Instructions to follow: Go through the data below and repeat it exactly, skipping each picture.

Dataset content:
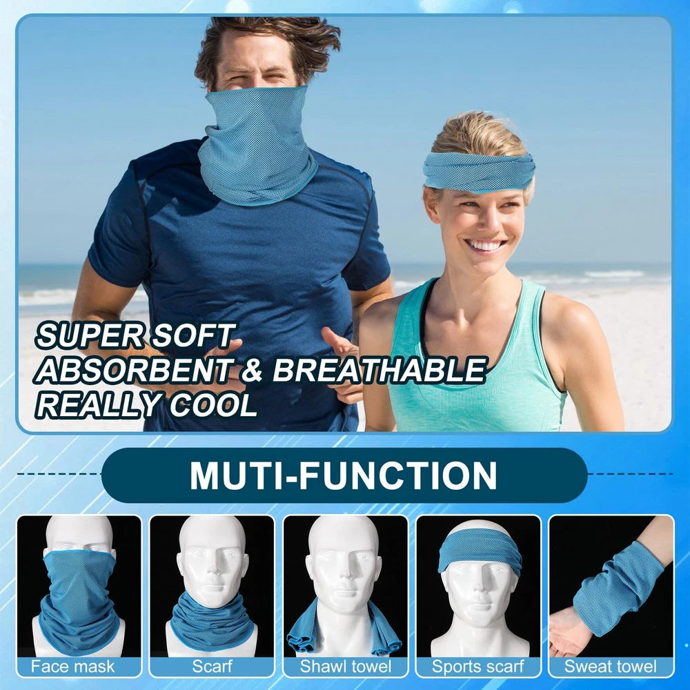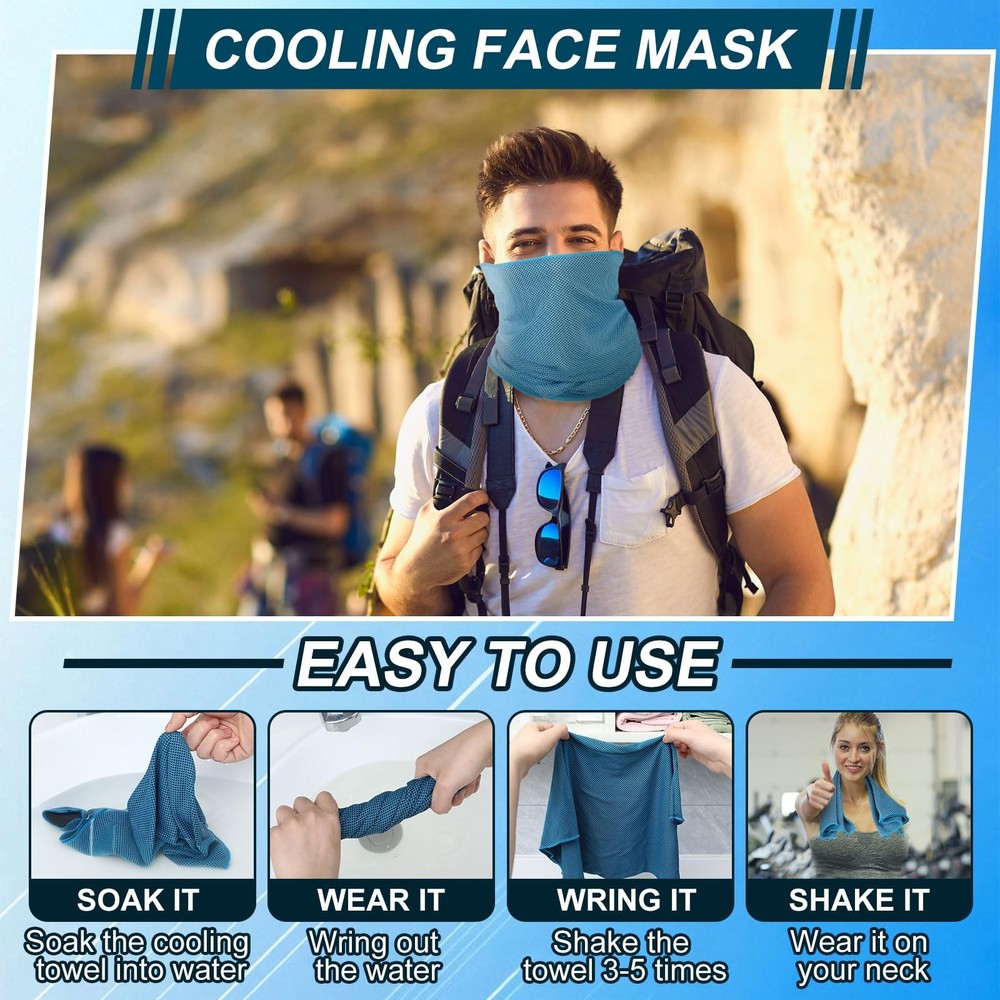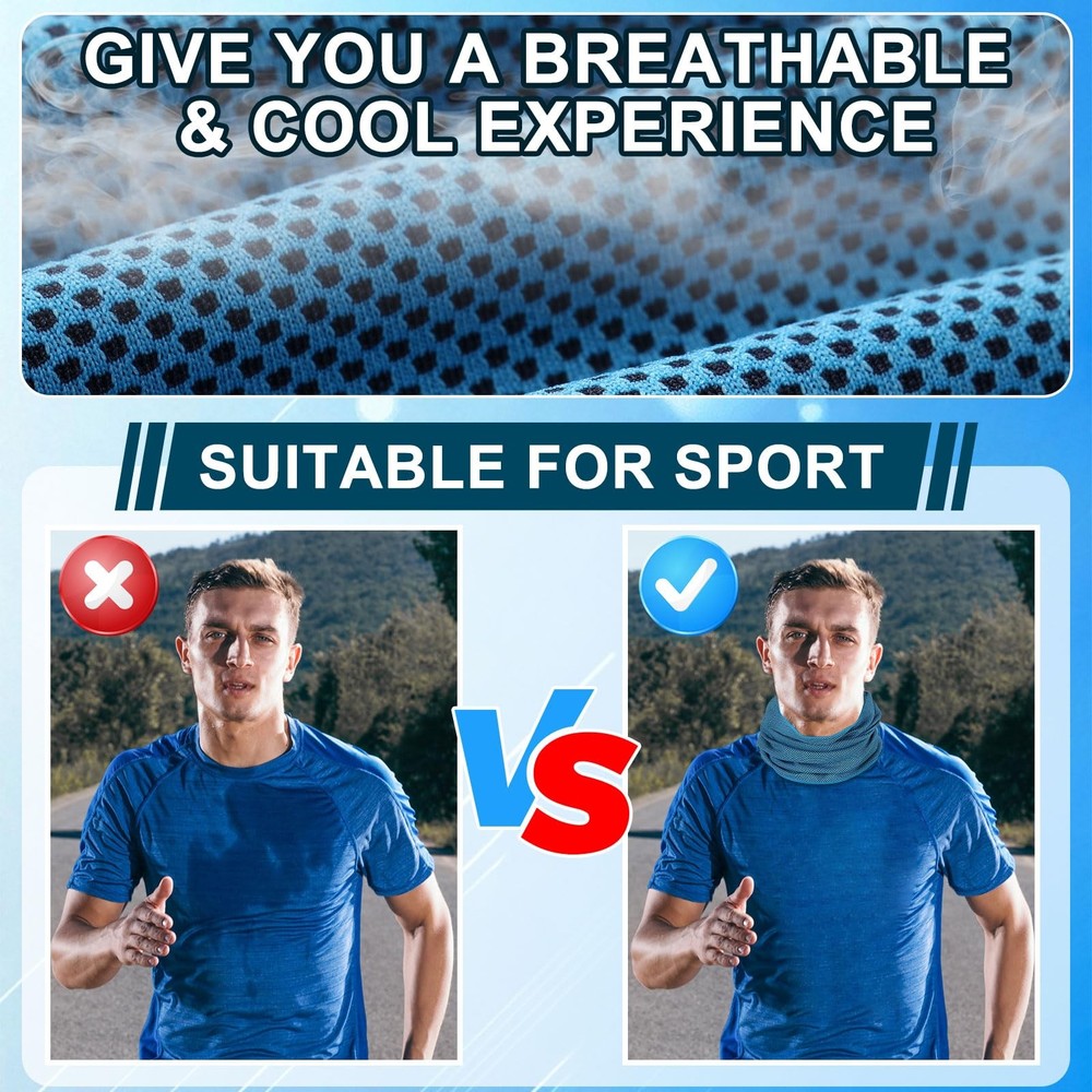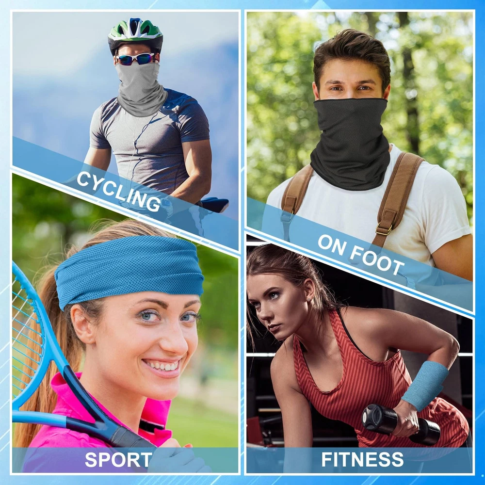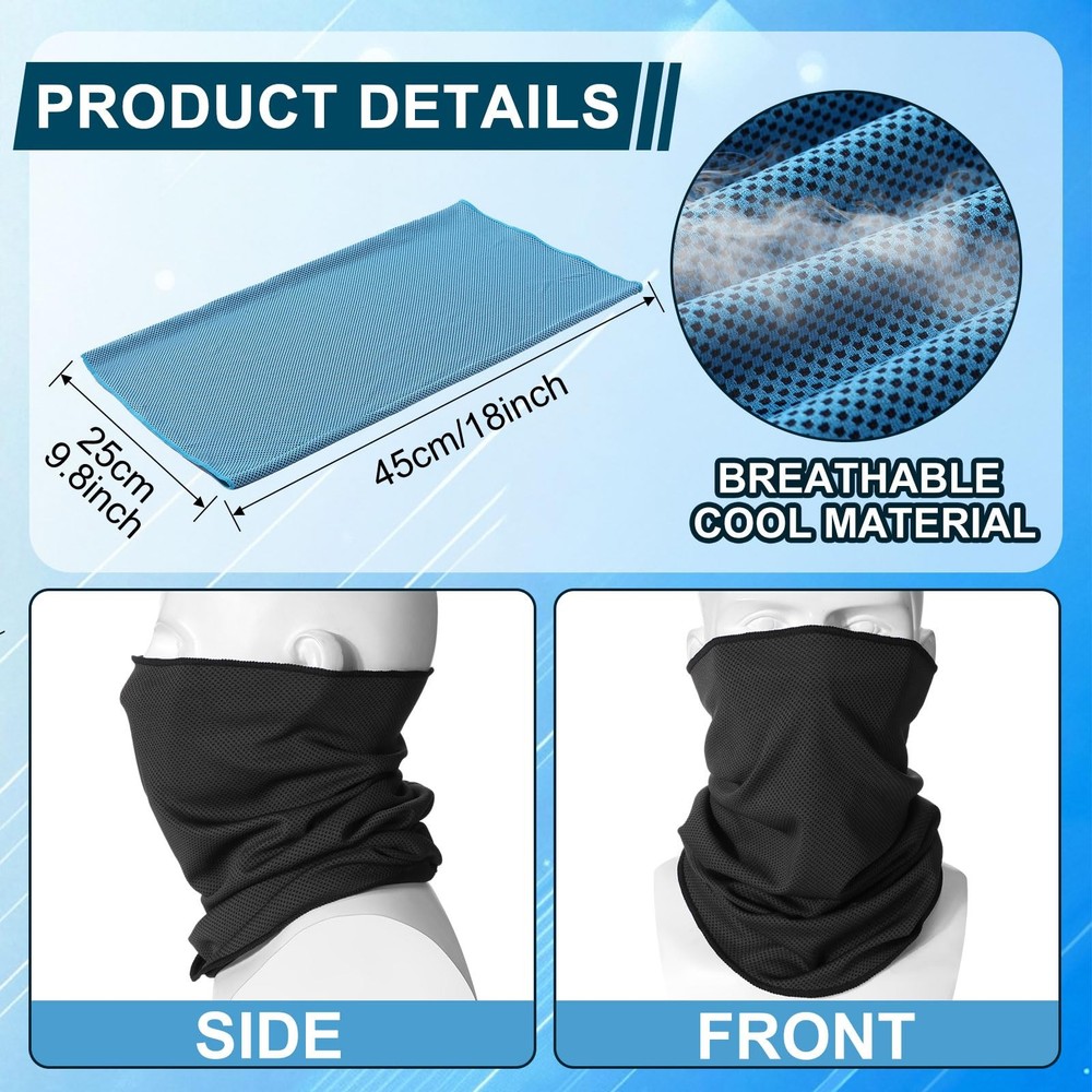 Features: The cold sports face mask can be worn on your head, neck, wrist or ankle for a quick cooling effect, keeping your skin from the direct sun, dust or more. You can send the cool neck rag to those people who need to go out in hot weather, including your parents, children, brother, husband, classmates. This can improve your relationship. Specifications: Material: poliester Color: black, sky blue, grey Size: Height: approx. 40 cm/ 15.7 inches Width: approx. 25 cm/ 9.8 inches Package includes: 3 x Cooling neck gaiter face mask Notes: Manual measurement, please allow slight errors on size. The color may exist slight difference due to different screen displays. Enough to Use: you will receive 3 pieces of cooling neck gaiter face mask for athletes in different colors, abundant in quantity and rich in color, enough for you to choose according to your mood; And the breathable balaclava bandana can be washed by washing machine Upgraded Cooling Fabric: Our neck gaiter is made of cooling technology polyester fabric, which is strong and reliable, good water absorption, soft and comfortable. When the cooling sweat breathable face bandanas is wet, it will quickly cool down and continue to feel cool. Just wet it and wring it dry. It can stay cool for up to 3 hours, allowing you to exercise comfortably even in hot weather. Multiple Functions: the workout neck cover can be worn in a variety of ways, can be applied as a neck gaiter, head wrap, face scarf, balaclava, headband, towels,scarf, bandana, beanie cap, hood and wristband.This neck gaiters for women and men is also a great gift for you and friends and a good choice for walking, yoga, fishing, hunting, sports, riding a bike or music festival. Wind And Dust Proof: When going out for motorcycling, running, cycling, skiing or snowboarding, wearing it as a face mask gaiter, headband, face scarf, bandanna mask gaiter, or ski neck gaiter can protect your face, neck and avoid your nose and mouth clean from breathing dust. What’s more, it has performance of windproof. Suitable for Many Occasions: the cool gym face mask are suitable for athletes, runners, gardeners doing yard work, workers working in hot weather, which can also be applied for running, hiking, fishing, hiking, concerts, festivals, barbecues, mountain climbing, vacations, beaches and more.It's an essential item for anyone who enjoys outdoor activities, sports
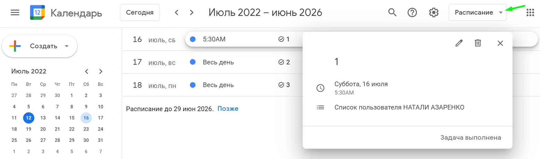 Если в режиме отображения календаря выбрать «Расписание», вы увидите все запланированные события в виде списка. Клик по отдельной задаче откроет карточку с её описанием.
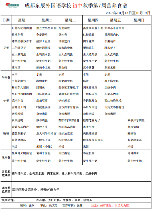 成都东辰外国语学校高三秋季第 6周营养食谱

Written solution:
 Features: The cold sports face mask can be worn on your head, neck, wrist or ankle for a quick cooling effect, keeping your skin from the direct sun, dust or more. You can send the cool neck rag to those people who need to go out in hot weather, including your parents, children, brother, husband, classmates. This can improve your relationship. Specifications: Material: poliester Color: black, sky blue, grey Size: Height: approx. 40 cm/ 15.7 inches Width: approx. 25 cm/ 9.8 inches Package includes: 3 x Cooling neck gaiter face mask Notes: Manual measurement, please allow slight errors on size. The color may exist slight difference due to different screen displays. Enough to Use: you will receive 3 pieces of cooling neck gaiter face mask for athletes in different colors, abundant in quantity and rich in color, enough for you to choose according to your mood; And the breathable balaclava bandana can be washed by washing machine Upgraded Cooling Fabric: Our neck gaiter is made of cooling technology polyester fabric, which is strong and reliable, good water absorption, soft and comfortable. When the cooling sweat breathable face bandanas is wet, it will quickly cool down and continue to feel cool. Just wet it and wring it dry. It can stay cool for up to 3 hours, allowing you to exercise comfortably even in hot weather. Multiple Functions: the workout neck cover can be worn in a variety of ways, can be applied as a neck gaiter, head wrap, face scarf, balaclava, headband, towels,scarf, bandana, beanie cap, hood and wristband.This neck gaiters for women and men is also a great gift for you and friends and a good choice for walking, yoga, fishing, hunting, sports, riding a bike or music festival. Wind And Dust Proof: When going out for motorcycling, running, cycling, skiing or snowboarding, wearing it as a face mask gaiter, headband, face scarf, bandanna mask gaiter, or ski neck gaiter can protect your face, neck and avoid your nose and mouth clean from breathing dust. What’s more, it has performance of windproof. Suitable for Many Occasions: the cool gym face mask are suitable for athletes, runners, gardeners doing yard work, workers working in hot weather, which can also be applied for running, hiking, fishing, hiking, concerts, festivals, barbecues, mountain climbing, vacations, beaches and more.It's an essential item for anyone who enjoys outdoor activities, sports
 Если в режиме отображения календаря выбрать «Расписание», вы увидите все запланированные события в виде списка. Клик по отдельной задаче откроет карточку с её описанием.
 成都东辰外国语学校高三秋季第 6周营养食谱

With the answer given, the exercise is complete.